### TASK DESCRIPTION
Repeat only these lines, exactly: the first line of the data, the line containing "Puluhan massa dari", and every line between them. Pictures stay out.

### THE DATA
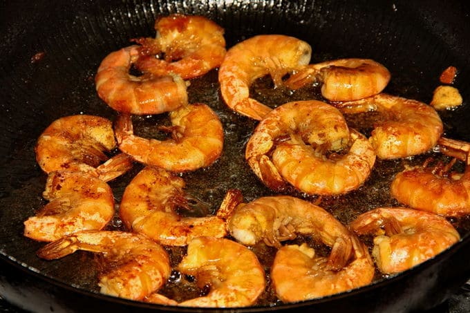 - Giet de garnalen 20 seconden met kokend water, giet het water af en doe ze in dezelfde hete pan, bak ze 3 minuten in boter en leg ze dan op een ander bord.
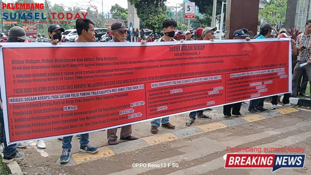Puluhan massa dari organisasi BADAI ANTI KORUPSI Sumatera Selatan (Sumsel) menggelar aksi unjuk rasa damai di depan Kejaksaan Tinggi (Kejati) Sumsel, Senin pagi. Dalam aksi tersebut, mereka menyampaikan aspirasi sekaligus menyerahkan laporan resmi dugaan indikasi korupsi di sejumlah Organisasi Perangkat Daerah (OPD) Kabupaten Musi Rawas Utara (Muratara) tahun anggaran 2024.Selasa,(11/11/2025)
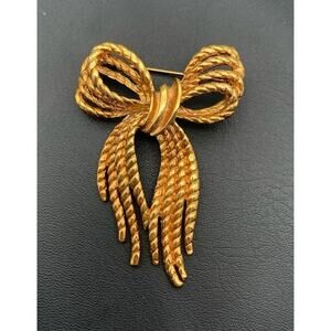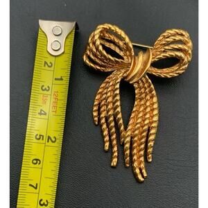 Vintage Signed Angel Ribbon Bow Pin Brooch Gold Tone Girly Feminine Rope Bow
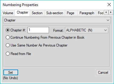 I set up the number for the chapter so it shows the letter A:
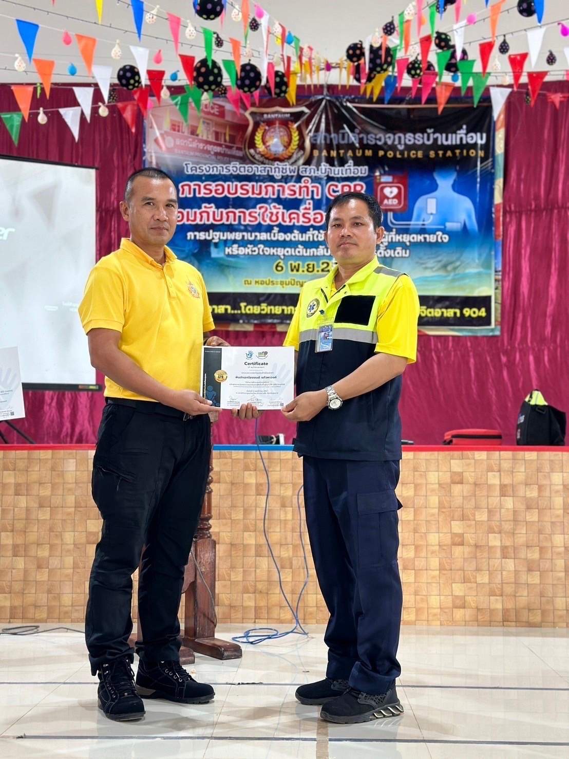 ผลการปฏิบัติ : เป็นไปด้วยความเรียบร้อย ผู้เข้ารับการฝึกอบรม มีความรู้ความเข้าใจ ตั้งใจฝึกอบรมจนสามารถปฏิบัติได้อย่างถูกต้อง มีความมั่นใจว่าจะสามารถช่วยเหลือผู้ประสบการหยุดเต้นของหัวใจได้
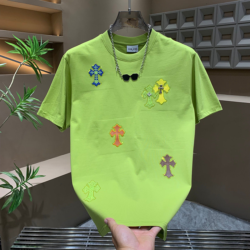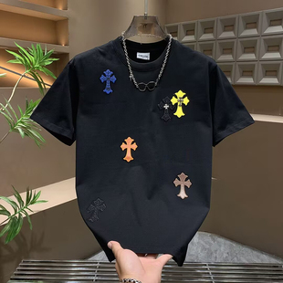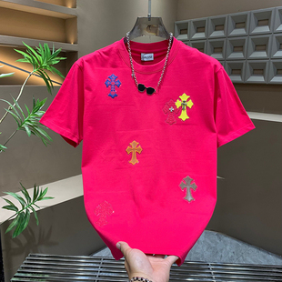 多巴胺圆领气质半袖 时尚 重工潮牌个性 男士 轻奢十字架百搭帅气短袖
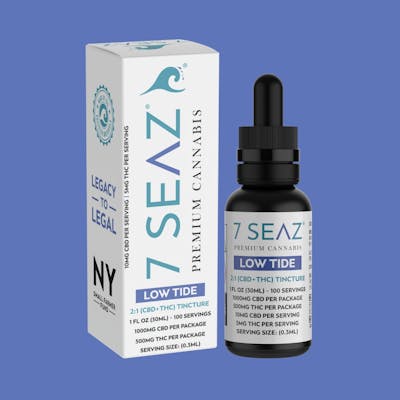 The "7 Seaz Low Tide" is a cannabis tincture formulated to provide gentle relaxation and balance with a mild psychoactive effect. It is made by 7 Seaz, a New York-based cannabis company.
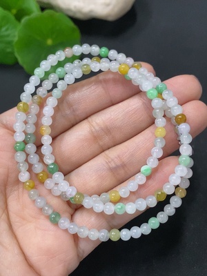F33868161 Jadeite Beaded Necklace Approx. 3.9mm Total Weight Approx. 14.65g Non-gold Setting Color Origin Undetermined

### ANSWER
 - Giet de garnalen 20 seconden met kokend water, giet het water af en doe ze in dezelfde hete pan, bak ze 3 minuten in boter en leg ze dan op een ander bord.
Puluhan massa dari organisasi BADAI ANTI KORUPSI Sumatera Selatan (Sumsel) menggelar aksi unjuk rasa damai di depan Kejaksaan Tinggi (Kejati) Sumsel, Senin pagi. Dalam aksi tersebut, mereka menyampaikan aspirasi sekaligus menyerahkan laporan resmi dugaan indikasi korupsi di sejumlah Organisasi Perangkat Daerah (OPD) Kabupaten Musi Rawas Utara (Muratara) tahun anggaran 2024.Selasa,(11/11/2025)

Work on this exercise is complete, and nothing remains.